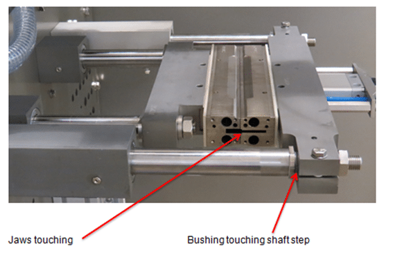 5. Access the JOG MENU on the HMI of the machine and close the horizontal jaws in the jogging mode.
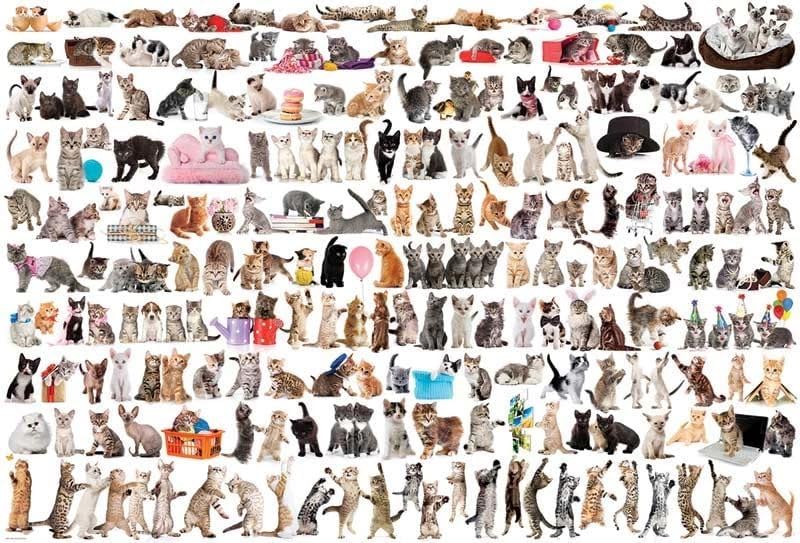 This 2000-Piece jigsaw puzzle features over 120 cat breeds, which makes for a very cute and endearing puzzle. Strong high-quality puzzle pieces. Made from recycled board and printed with vegetable based ink. This superior quality puzzle will delight and educate all at the same time.
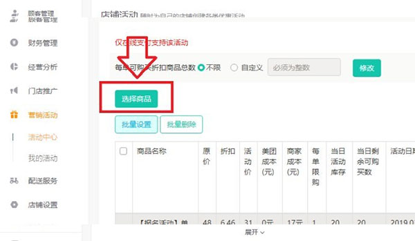 1、打開美團(tuán)外賣商家版電腦版軟件,打開軟件后點(diǎn)擊點(diǎn)擊左側(cè)的【營銷活動】點(diǎn)擊【活動中心】,在右側(cè)界面中點(diǎn)擊【折扣商品】選項,如kkx分享的截圖:
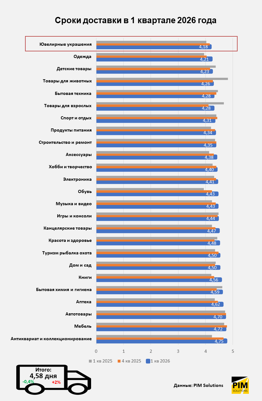 Благодаря отличной работе курьерских служб сроки доставки остаются самой стабильной метрикой, в прошлом квартале они тоже практически не изменились. Разница между первым и последним местом составляет чуть больше половины дня, так что можно сказать, что все товары доставляются плюс-минус в одни и те же сроки. При этом стоит указать на то, что во многих категориях сроки доставки подросли — это хорошо видно на графике. В абсолютных значениях это, конечно, совсем мизерные показатели, но они сигнализируют о том, что гонки за скоростью доставки остались позади.
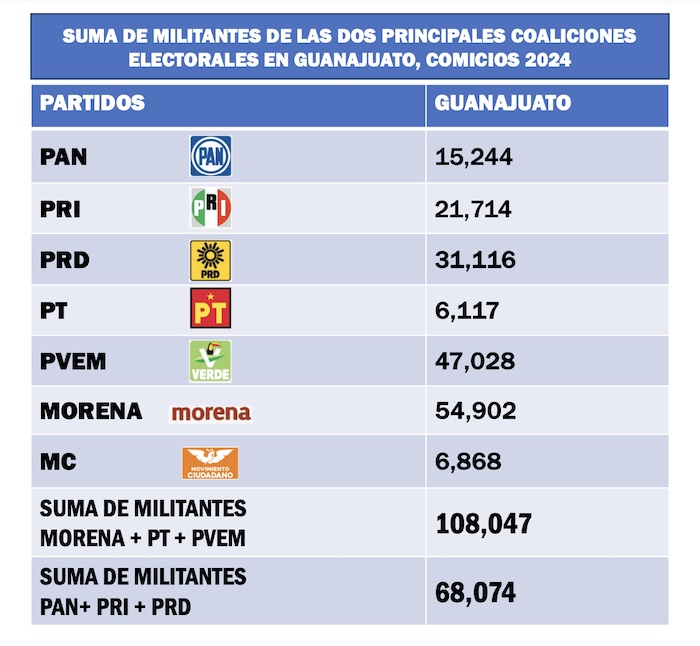 Lo mismo sucede cuando se suman los afiliados que el Partido del Trabajo y el Partido Verde Ecologista tienen en Guanajuato, pues llegan a 108 mil 47 militantes activos, contra 68 mil 74 que tiene la coalición PAN, PRI, PRD.
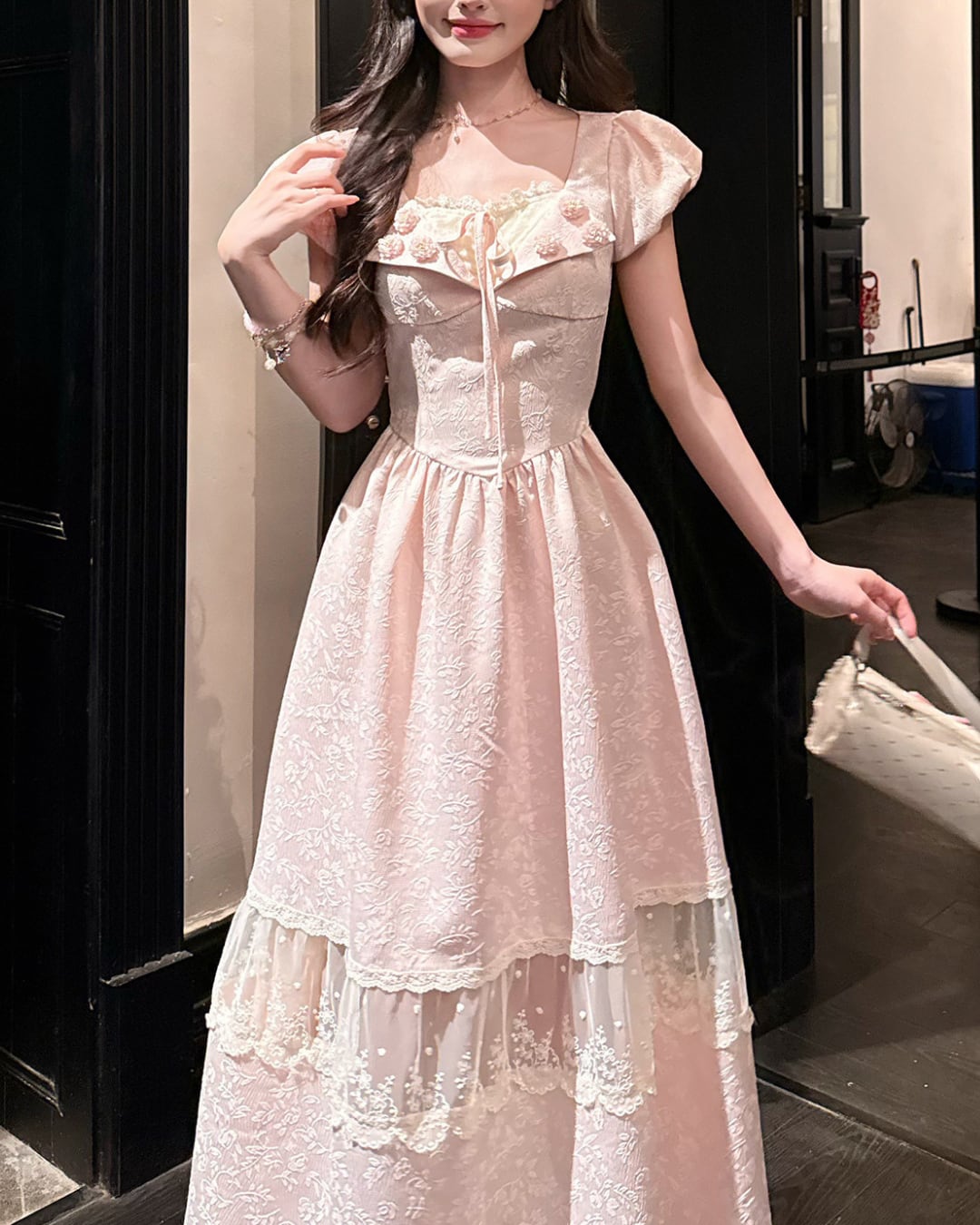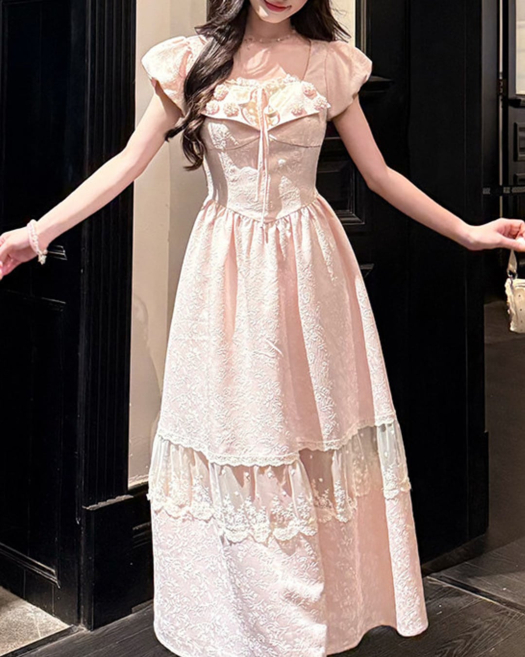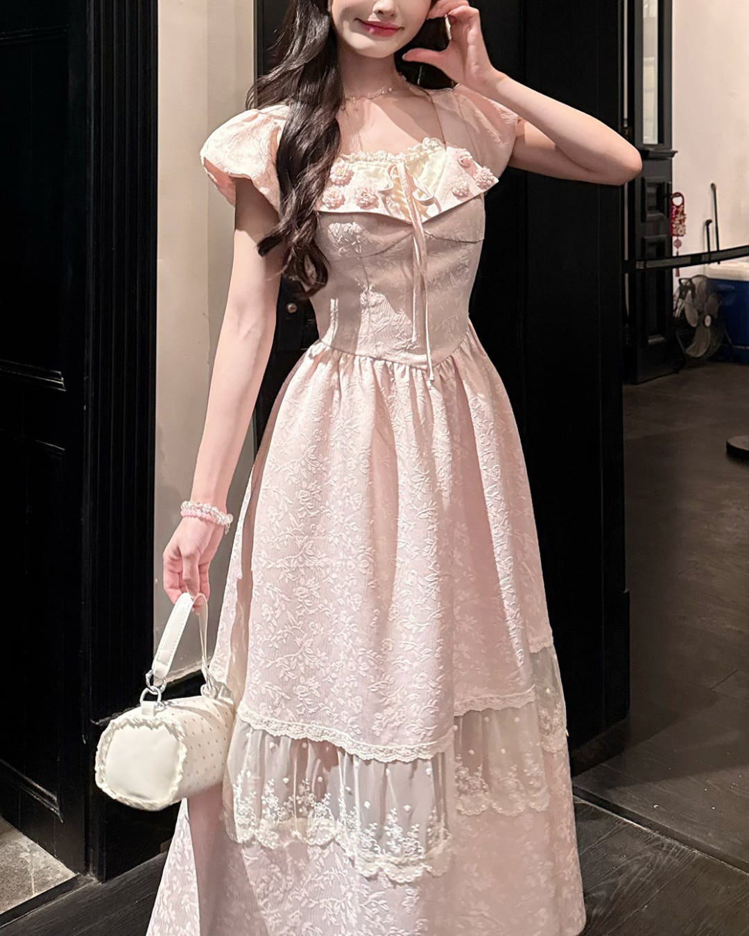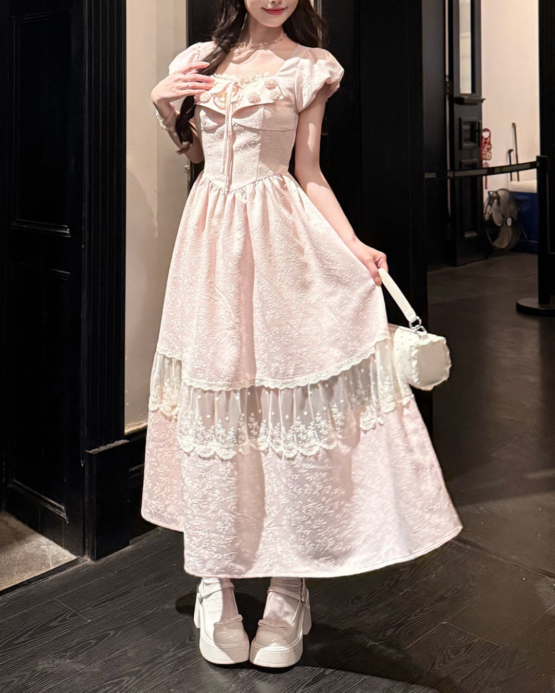 胸元のフラワーモチーフと華奢なウエストリボンが、可憐なアクセントを添えてくれます*・゚
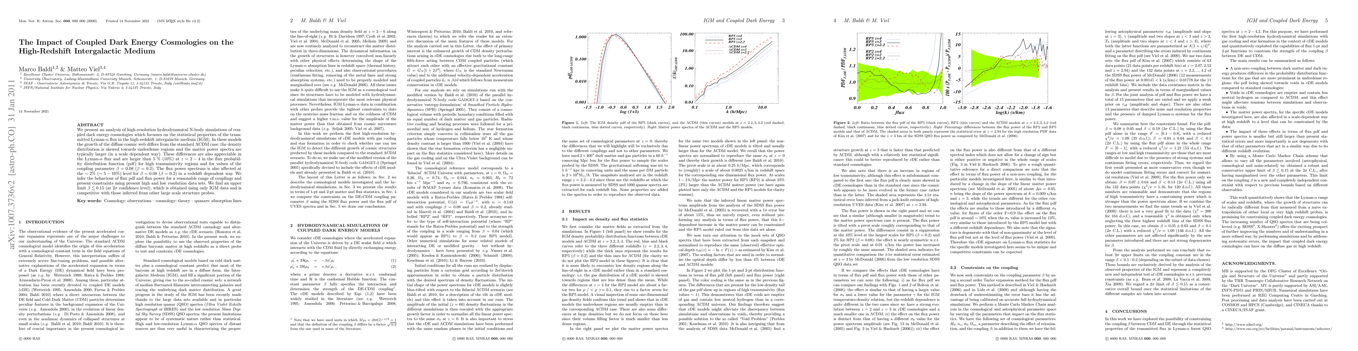 This paper analyzes high-resolution simulations of coupled dark energy cosmologies, finding significant deviations in the statistical properties of the Lyman-alpha flux in the high-redshift IGM compared to standard LCDM models, with differences up to 10% at z=2-4. It sets an upper limit of β < 0.15 for the coupling parameter, competitive with constraints from large scale structure data.
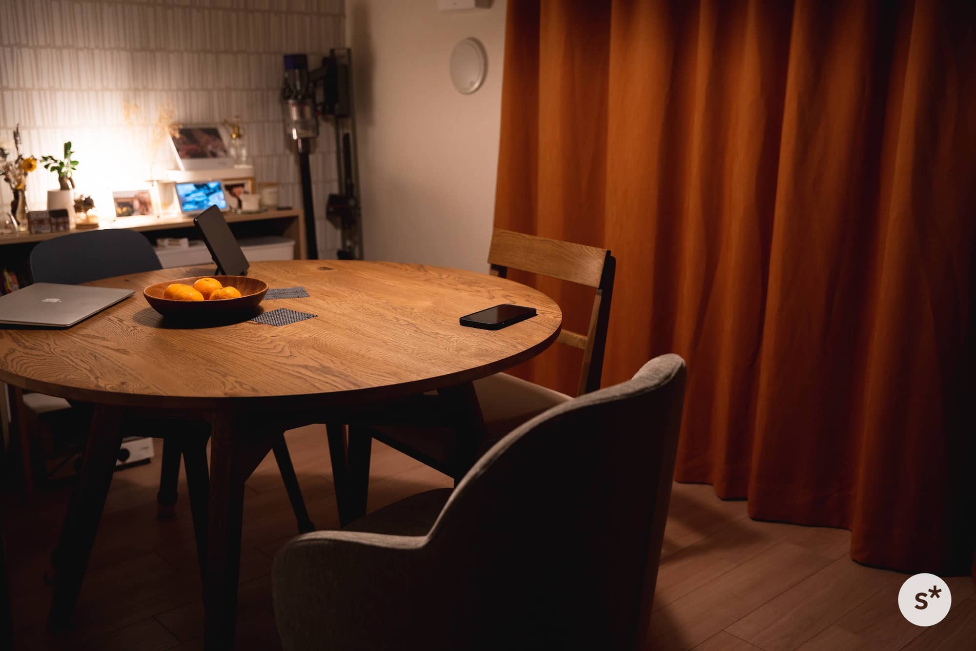 僕は家の中ではデスクにいることが多いのですが、ダイニングテーブルに来て作業すると気分転換になります。ちょっと外出してスタバで作業するのと同じくらいの効果があるんじゃないかな。それを移動時間ゼロで実現できるから最高です。
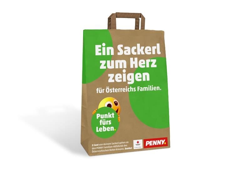 Als erster Diskonter Österreichs hat sich PENNY vom Plastiksackerl verabschiedet und hilft so, Plastikmüll zu verringern. Darüber hinaus unterstützt PENNY mit der kleinen Papiertragetasche ein Herzensanliegen und spendet pro gekaufter Tasche 2 Cent an den Familien-Hilfsfonds des Roten Kreuzes.
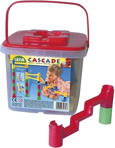 Das Cascade-Bauset bringt eine farbenfrohe Kaskade voller Spaß. Aus 29 Teilen lassen sich vielfältige Kugelbahnen gestalten, auf denen die Kugel über verschiedene Ebenen und Hindernisse saust. Der praktische Eimer mit Griff erleichtert Aufbewahrung und Transport, sodass Kinder zu Hause wie auch unterwegs spielen können.
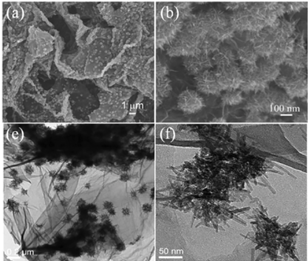 圖2. 復(fù)合材料實例--石墨烯-二氧化錳三維多孔復(fù)合材料。2a,b為掃描電鏡圖,2e,f為復(fù)合材料的透射電鏡圖。
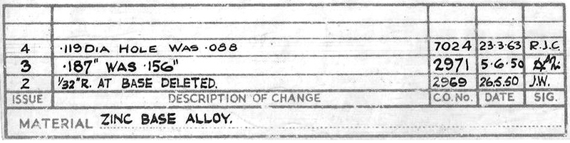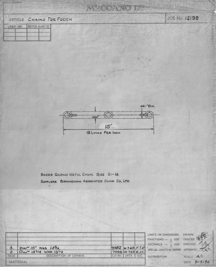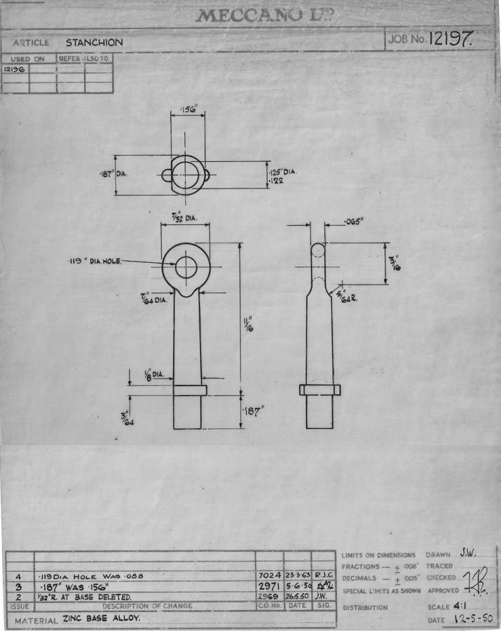 Hi all, the recent happy acquisition of an all maroon early second type 505 Foden Flat Truck with Chains (ill.1) made me grab together some pieces of information, text and pictures, which may contribute to the useful contents of this thread. Nowadays the seller of a model acquired is rarely the first owner anymore and therefore the initial provenance is mostly rather obscure. This one, however, comes from a Meccano Sales Representative, who, in his turn, bought it from one of his clients stock over forty years ago. Like the rest of his collection, it had not left its box ever since, lacking space for decent display (he regretted that very much having seen its present presentation in my displays). After some cleaning the model emerged bright and quite near mint. The box is very good to excellent, without any structural damage. Apparently storage was not dry enough, because there is some slight corrosion to the model and the staples of the box are rusty. The quality control stamp (shown below) seems to be H6 3 (ill. 2, 3). In September 1952, some half a year only after the introduction of this model of a Foden chain truck, the first type cab/chassis unit (Foden DG series) was replaced already by this second type, a model of the Foden FG6/15 with S18 cab. Of both versions the maroon chain truck is less familiar than the one finished in green, especially the first type. The all maroon 505 in its turn is slightly less common than its green counterpart. Although useless, parallel with the introduction of the chain truck, the other flat trucks, with and without tailboard (502 and 503), also got the tiny holes in the upright board behind the cabin, for attachment of the chain ends (ill. 4). This demonstrates that all of these loading platforms were basically produced with the same mould, adjusted for the specific models. Many of the factory drawings for the Fodens could be shared for this model. The chain posts and the chain, however, were designs of their own, represented by the jobs no. 12197 (ill. 5) and no. 12198 (ill. 6) respectively and the assembly 12196(A) (drawing not known at present) for the complete model was individual. No. 12198 shows that a subcontractor, Bacco, Birmingham Associated Chain Co. Ltd., supplied Meccano with the chains. Earliest chain lorries, both 1st and 2nd type, have dimpled instead of the later rounded bases of the lugs underneath the chain posts. Instead of four clips retaining the bogie wheel axles in front of the first type, the second type uses only two, for the front axle only. The rear pair of wheel axles use the new cast in axle holes (instead of the previous four clips over there, ill. 7). Although 1952 is the year of official introduction, the first type chain lorry (ill.

The task:
When copying the entries above, keep each word as it is and exclude any image.

Task answer:
 5. Access the JOG MENU on the HMI of the machine and close the horizontal jaws in the jogging mode.
 This 2000-Piece jigsaw puzzle features over 120 cat breeds, which makes for a very cute and endearing puzzle. Strong high-quality puzzle pieces. Made from recycled board and printed with vegetable based ink. This superior quality puzzle will delight and educate all at the same time.
 1、打開美團(tuán)外賣商家版電腦版軟件,打開軟件后點(diǎn)擊點(diǎn)擊左側(cè)的【營銷活動】點(diǎn)擊【活動中心】,在右側(cè)界面中點(diǎn)擊【折扣商品】選項,如kkx分享的截圖:
 Благодаря отличной работе курьерских служб сроки доставки остаются самой стабильной метрикой, в прошлом квартале они тоже практически не изменились. Разница между первым и последним местом составляет чуть больше половины дня, так что можно сказать, что все товары доставляются плюс-минус в одни и те же сроки. При этом стоит указать на то, что во многих категориях сроки доставки подросли — это хорошо видно на графике. В абсолютных значениях это, конечно, совсем мизерные показатели, но они сигнализируют о том, что гонки за скоростью доставки остались позади.
 Lo mismo sucede cuando se suman los afiliados que el Partido del Trabajo y el Partido Verde Ecologista tienen en Guanajuato, pues llegan a 108 mil 47 militantes activos, contra 68 mil 74 que tiene la coalición PAN, PRI, PRD.
 胸元のフラワーモチーフと華奢なウエストリボンが、可憐なアクセントを添えてくれます*・゚
 This paper analyzes high-resolution simulations of coupled dark energy cosmologies, finding significant deviations in the statistical properties of the Lyman-alpha flux in the high-redshift IGM compared to standard LCDM models, with differences up to 10% at z=2-4. It sets an upper limit of β < 0.15 for the coupling parameter, competitive with constraints from large scale structure data.
 僕は家の中ではデスクにいることが多いのですが、ダイニングテーブルに来て作業すると気分転換になります。ちょっと外出してスタバで作業するのと同じくらいの効果があるんじゃないかな。それを移動時間ゼロで実現できるから最高です。
 Als erster Diskonter Österreichs hat sich PENNY vom Plastiksackerl verabschiedet und hilft so, Plastikmüll zu verringern. Darüber hinaus unterstützt PENNY mit der kleinen Papiertragetasche ein Herzensanliegen und spendet pro gekaufter Tasche 2 Cent an den Familien-Hilfsfonds des Roten Kreuzes.
 Das Cascade-Bauset bringt eine farbenfrohe Kaskade voller Spaß. Aus 29 Teilen lassen sich vielfältige Kugelbahnen gestalten, auf denen die Kugel über verschiedene Ebenen und Hindernisse saust. Der praktische Eimer mit Griff erleichtert Aufbewahrung und Transport, sodass Kinder zu Hause wie auch unterwegs spielen können.
 圖2. 復(fù)合材料實例--石墨烯-二氧化錳三維多孔復(fù)合材料。2a,b為掃描電鏡圖,2e,f為復(fù)合材料的透射電鏡圖。
 Hi all, the recent happy acquisition of an all maroon early second type 505 Foden Flat Truck with Chains (ill.1) made me grab together some pieces of information, text and pictures, which may contribute to the useful contents of this thread. Nowadays the seller of a model acquired is rarely the first owner anymore and therefore the initial provenance is mostly rather obscure. This one, however, comes from a Meccano Sales Representative, who, in his turn, bought it from one of his clients stock over forty years ago. Like the rest of his collection, it had not left its box ever since, lacking space for decent display (he regretted that very much having seen its present presentation in my displays). After some cleaning the model emerged bright and quite near mint. The box is very good to excellent, without any structural damage. Apparently storage was not dry enough, because there is some slight corrosion to the model and the staples of the box are rusty. The quality control stamp (shown below) seems to be H6 3 (ill. 2, 3). In September 1952, some half a year only after the introduction of this model of a Foden chain truck, the first type cab/chassis unit (Foden DG series) was replaced already by this second type, a model of the Foden FG6/15 with S18 cab. Of both versions the maroon chain truck is less familiar than the one finished in green, especially the first type. The all maroon 505 in its turn is slightly less common than its green counterpart. Although useless, parallel with the introduction of the chain truck, the other flat trucks, with and without tailboard (502 and 503), also got the tiny holes in the upright board behind the cabin, for attachment of the chain ends (ill. 4). This demonstrates that all of these loading platforms were basically produced with the same mould, adjusted for the specific models. Many of the factory drawings for the Fodens could be shared for this model. The chain posts and the chain, however, were designs of their own, represented by the jobs no. 12197 (ill. 5) and no. 12198 (ill. 6) respectively and the assembly 12196(A) (drawing not known at present) for the complete model was individual. No. 12198 shows that a subcontractor, Bacco, Birmingham Associated Chain Co. Ltd., supplied Meccano with the chains. Earliest chain lorries, both 1st and 2nd type, have dimpled instead of the later rounded bases of the lugs underneath the chain posts. Instead of four clips retaining the bogie wheel axles in front of the first type, the second type uses only two, for the front axle only. The rear pair of wheel axles use the new cast in axle holes (instead of the previous four clips over there, ill. 7). Although 1952 is the year of official introduction, the first type chain lorry (ill.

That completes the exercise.